Ivan asked no more questions until after he’d put both dead ocelots in the truck with their brethren. Not all the changelings were in their animal form. A number were in human form—but had been identified as ocelot from identification found on their bodies, or from signs of a semi-shift: claws unsheathed, eyes frozen in their other form by death, patches of fur on their skin.

The latter he’d never even heard of, so he had to assume it to be an artefact of severe trauma, a malfunction in the changeling ability to shift. Those found in full human form with no visible sign of changeling status would be identified later, using whatever resources were available. If he had to guess—and with the bodies so well preserved—he’d say the pack would send a survivor to look through the dead.

Changelings didn’t like to share fingerprints or DNA data with the Psy.

That task done, he returned to the attendant who’d been assigned as his partner, and they continued on in their grim work. The other man was able to immediately identify the Psy casualties using a fingerprint or DNA database. Ivan’s family made it a point to keep their information off those databases, but most Psy took the tracking for granted. The same with many humans—not so much on the DNA, but with fingerprints.

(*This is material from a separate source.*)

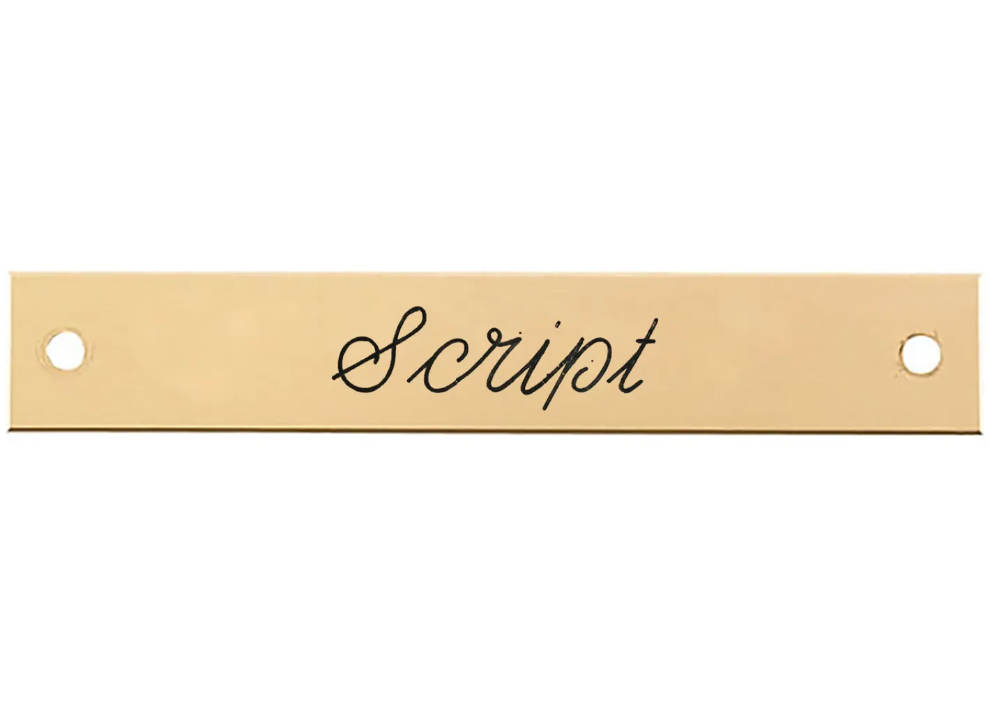 The Rectangular Dog Collar Plate in brass is a classic way to customize your dog′s collar or add contact information should your pup stray. Choose Block, Old English, Roman or Script letters, then enter up to two lines of text to be engraved. Predrilled 5/32″ holes fit rivets (included) for attaching the plate to a leather collar. Personalized items are not returnable.

When another attendant came to consult with Ivan’s partner, Ivan carried on. He could handle the smaller bodies on his own, and the attendant had paired his device with Ivan’s phone so Ivan could run the IDs.

Despite everything, he still wasn’t ready to see bodies so small he could carry two or three at once.

But of course, children had called this place home, too.

“They’re just as dead,” he told himself, keeping things chillingly pragmatic. That was how he functioned with anyone but Lei, was the reasonhewasn’t insane: a wall of cold sophistication that separated him from the wider world.

He pulled that ice around himself now. He was no use to the dead if he couldn’t do what needed to be done, if he saw in these small bodies a whisper of what might’ve been for a small boy born into a pitiless life some three decades ago.

After ID’ing and logging the first child’s body, he got a small body bag from one of the boxes situated throughout the area of the massacre. It was a matter of two minutes to return, put the body gently in the bag, write the ID on the tag, and carry it with care to the refrigerated truck.

“Sleep well, little one,” he found himself saying though he knew it was foolish; this child’s ears would never again hear anything.

He still treated the body with utmost care, even climbing inside the truck so he could position the body on the top shelf.

Where nothing would crush that small, cold form.

Then he continued on. Body after body.

It was in the most churned-up part of the park area that he found her. She was buried under five other bodies, and invisible to his gaze. He’d been planning to ID the bodies he could see, then call over his partner to help get them in body bags, as the deceased were all adult males. Because while Ivan was far stronger than suggested by his lithe frame, the dead had a dark weight to them.

Then the background telepathic scan he ran at every moment, a low-level security tactic that was second nature, suddenly snagged, hitting a mind that was a wall. Not shielded. Naturally opaque. Only changeling minds felt like that.